— Давай мы будем на «ты»?
Милая, я боюсь темноты.
1.
Бить первым — так учили улицы, на которых я вырос. Детство в постсоветской Алма-Ате, с вычерченными границами районов, на которые делили город банды молодых, голодных и всегда жестоких к чужакам людей. Они сбивались в стаи диких собак, которые я, еще ребенок, видел вечерами, мелькавших в свете фонарей по пустынным улицам, где мы жили небольшой коммуной людей, бежавших в свое время и нашедших здесь свой дом. Наши дома были просты — сбитые покосившиеся глинобитные стены, небольшие мутные оконца, дворик с калиткой в сад и яблони в каждом дворе, под тенью которых мы прятались от пронизывающего летнего солнца и часами рассматривали проплывающие над нами облака. Мы еще не знали о существовании границ.
Дерибас, Снежинка, ДОС, Вигвам, Штаты, Новый Свет, Салем, Золотая Орда, ЦК, Шанхай, Кизы, Багдад, Тастак, Ертек и Халифат. Также были независимые кварталы, которые нам следовало обходить стороной, а лучше и вовсе там никогда не бывать: 800, Квадрат, Городок, Драм. Мы взрослели на задворках наших школ и гаражей, где разборки с местной шпаной и детская жестокость были таким же обычным явлением, как поход в магазин за пивом для старших и постоять на «шухере» при деле. Чуть позже о нас будут снимать фильмы и складывать городские легенды, но тогда мы росли, как дикие волчата, и каждый день сталкивались с насилием и участвовали в нем — набрасывались шумной толпой на проходящего случайного человека под предлогом узнать который час, сбивали его с ног и пинали, пока кто-нибудь громко не свистнет, и через три секунды он лежит один в тишине, на снегу, захлебываясь кровью и не в силах встать.
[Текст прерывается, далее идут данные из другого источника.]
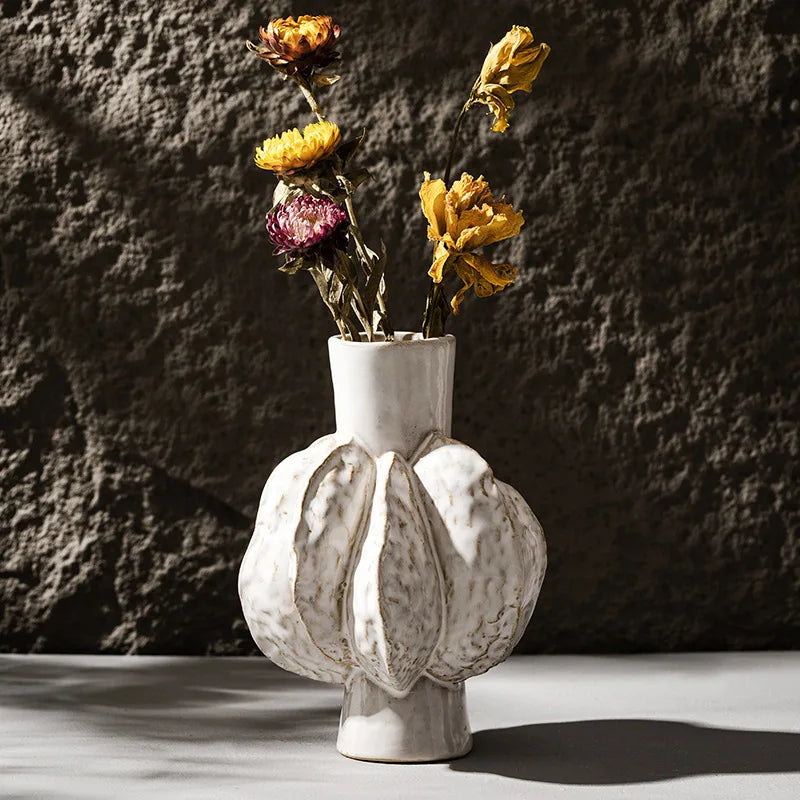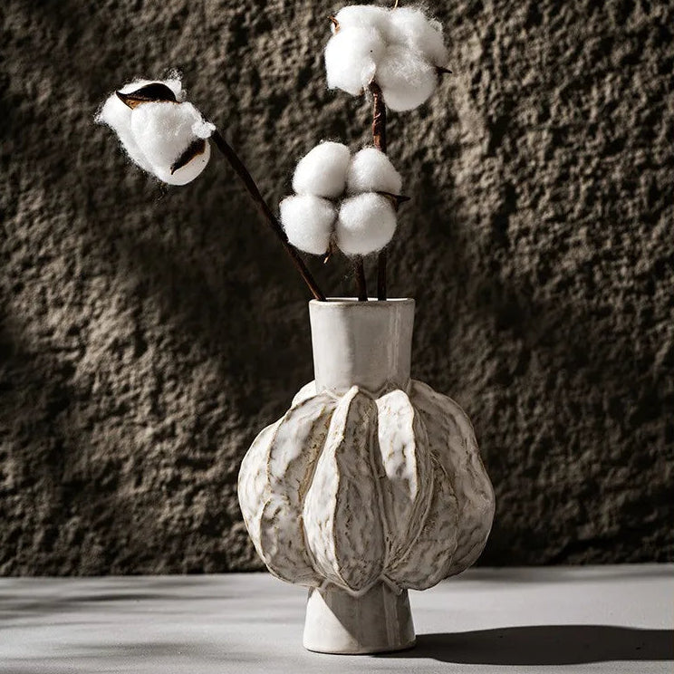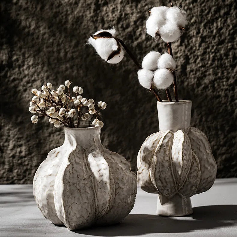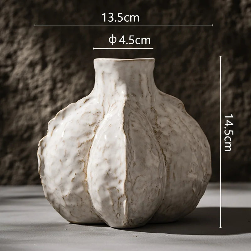 Crafted from premium ceramic and porcelain, this vase combines durability with refined texture and an elegant Nordic aesthetic. Its neutral tones and sculptural design effortlessly complement contemporary, minimalist, or Scandinavian-inspired interiors.

Боль — всего лишь миг откровения, скрывающий в себе суть мира, в котором я оказался заложником обстоятельств. В полном одиночестве, среди серых стен больничной палаты. Она зовет меня по имени.
— Моро, Моро… Прими боль, не сопротивляйся ей. — Ее мягкий голос отдается эхом в пустых коридорах больницы. Ее голос — как тягучая смесь сожалений об утраченной вере в меня. Она зовет меня, она плачет. Но я не могу подняться с кровати, я не могу пошевелиться, не могу подойти к ней и обнять крепко. На мне куча трубок, проводов, бинтов — переломанный, я лишь издаю звуки и протяжное «эээмммммм».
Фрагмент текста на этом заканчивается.